Input Context Systems

Then somewhere in your features you will have a system that reacts to input entities that have click components:

using System.Collections.Generic;
using Entitas;

public sealed class AddClickSystem : ReactiveSystem<InputEntity>
{
    readonly InputContext _context;

    public AddClickSystem(Contexts contexts) : base(contexts.input)
    {
        _context = contexts.input;
    }

    protected override Collector<InputEntity> GetTrigger(IContext<InputEntity> context)
    {
        return context.CreateCollector(InputMatcher.Click, GroupEvent.Added);
    }

    protected override bool Filter(InputEntity entity)
    {
        return entity.hasInputId;
    }

    protected override void Execute(List<InputEntity> entities)
    {

        foreach (var e in entities)
        {
            // Find the game entity with the name of the input id.
            var obj = Contexts.sharedInstance.game.GetEntitiesWithName(e.inputId.value).SingleEntity();
            
            if (obj != null && obj.hasButtonState)
            {
                obj.ReplaceButtonState(!obj.buttonState.buttonState);                      
            }
            e.RemoveClick();
        }
    }
}

This system is to tidy up any inputs after they have been issued:

using System.Collections.Generic;
using Entitas;
using System.Linq;
using UnityEngine;
using System;

public sealed class RemoveClickSystem : ReactiveSystem<InputEntity> {

    readonly InputContext _context;
    
    public RemoveClickSystem(Contexts contexts) : base(contexts.input) {
        _context = contexts.input;       
    }

    protected override Collector<InputEntity> GetTrigger(IContext<InputEntity> context) {
        return context.CreateCollector(InputMatcher.Click, GroupEvent.Removed);
    }

    protected override bool Filter(InputEntity entity) {
        return entity.isEnabled;
    }

    protected override void Execute(List<InputEntity> entities) {
        foreach(var e in entities) {
            Contexts.sharedInstance.input.DestroyEntity(e);
        }
    }
}

Game Context Systems

Now that a entity has been changed in the game context, a system can react to the change.
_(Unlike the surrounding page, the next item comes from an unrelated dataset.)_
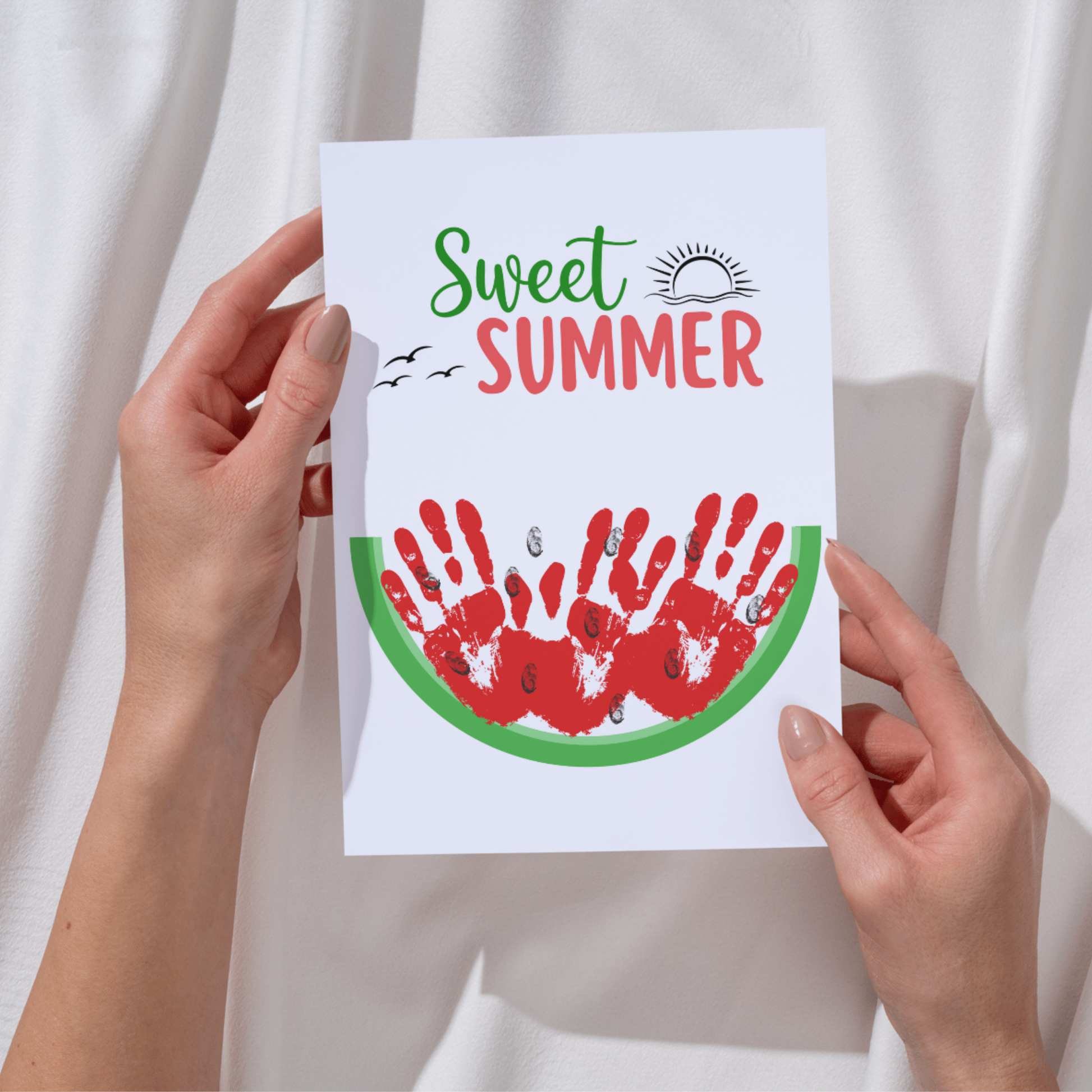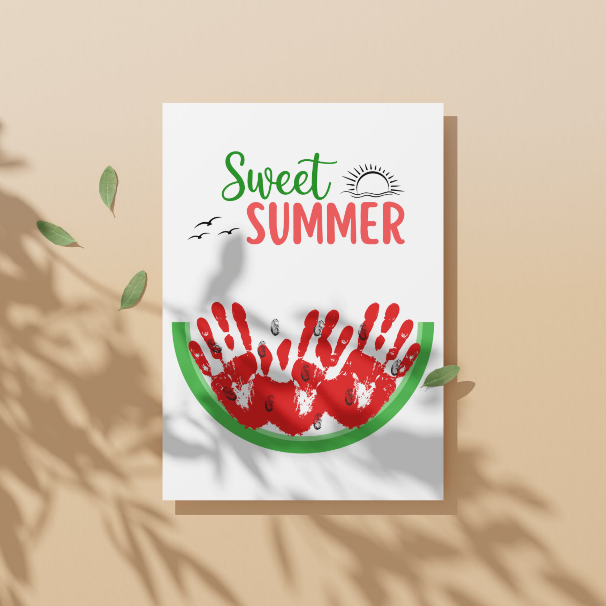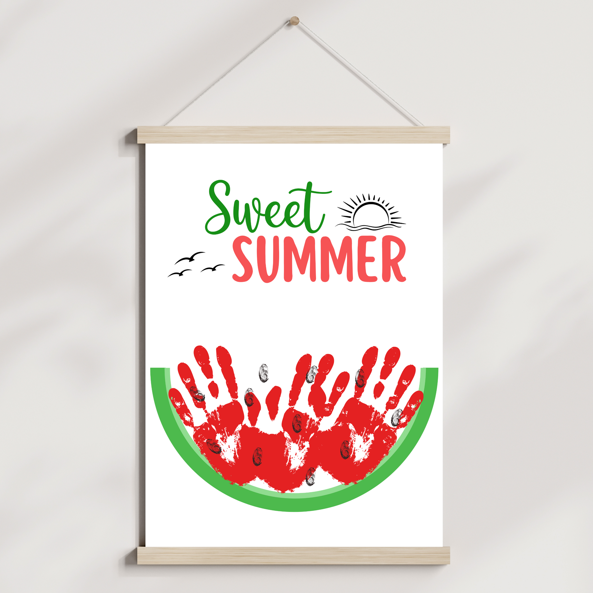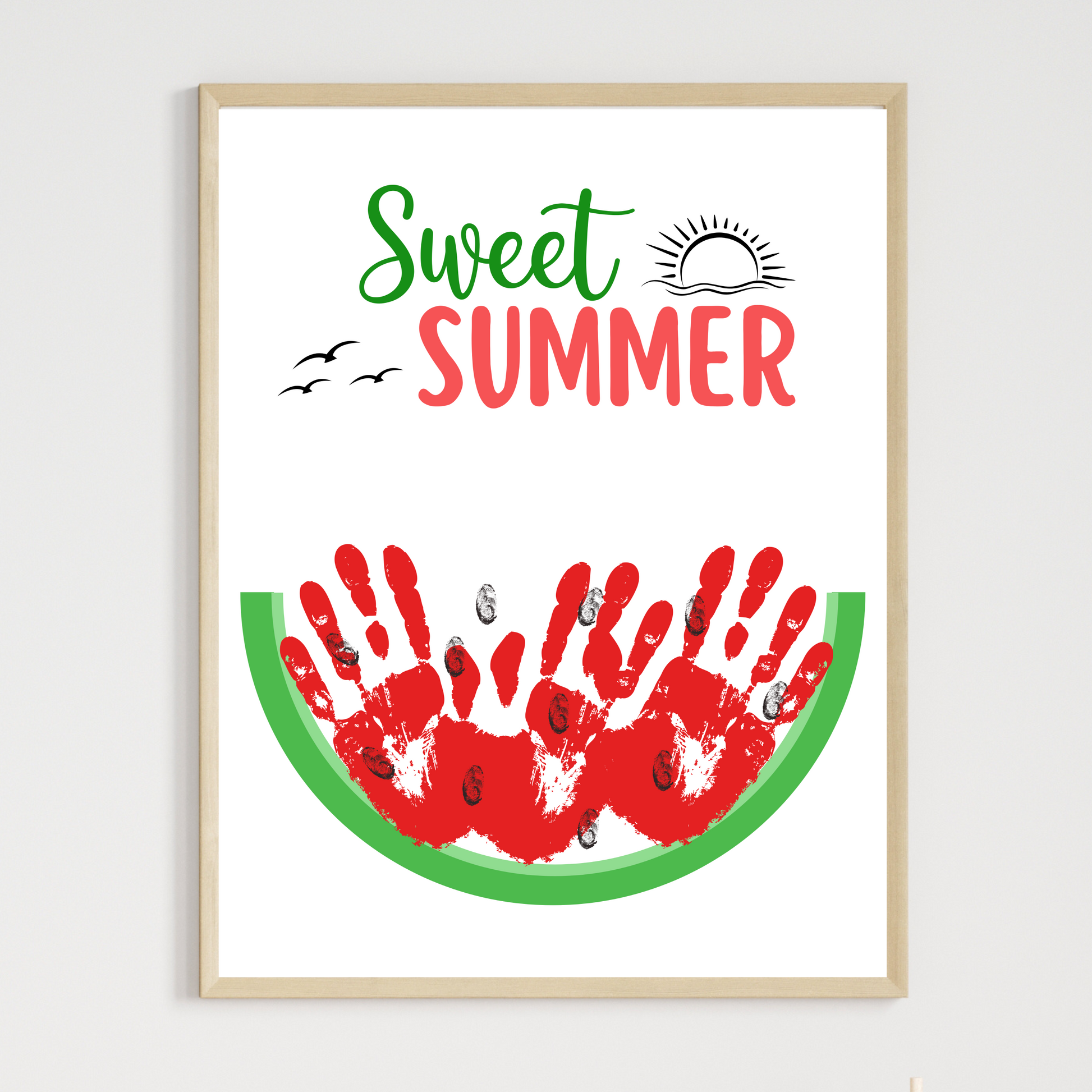 Add a splash of sunshine and sweetness to your summer with this instant download – a fun and easy keepsake that turns your little one’s handprint into an adorable slice of summer! Just print, paint, and press your child’s hand to create a juicy watermelon slice that’s as unique as they are!

In this network example the input is decoupled from the game state so that the local system is responsible for changing the view and state of the object.

using System;
using System.Collections.Generic;
using Entitas;

public sealed class ButtonSystem : ReactiveSystem<GameEntity>
{
    readonly GameContext _context;
    public ButtonSystem(Contexts contexts) : base(contexts.game){
        _context = contexts.game;
    }

    protected override Collector<GameEntity> GetTrigger(IContext<GameEntity> context)
    {
        return context.CreateCollector(GameMatcher.ButtonState);
    }

    protected override bool Filter(GameEntity entity)
    {
        return entity.hasButtonState && entity.hasView;
    }

    protected override void Execute(List<GameEntity> entities)
    {
        foreach(var e in entities){            
            // Let the editor configured game object handle colour changes
            if(e.view.gameObject.GetComponent<Widgets.ButtonWidget>())
                e.view.gameObject.GetComponent<Widgets.ButtonWidget>().SetState(e.buttonState.buttonState);
        }
    }    
    
}

Your button should change colour now.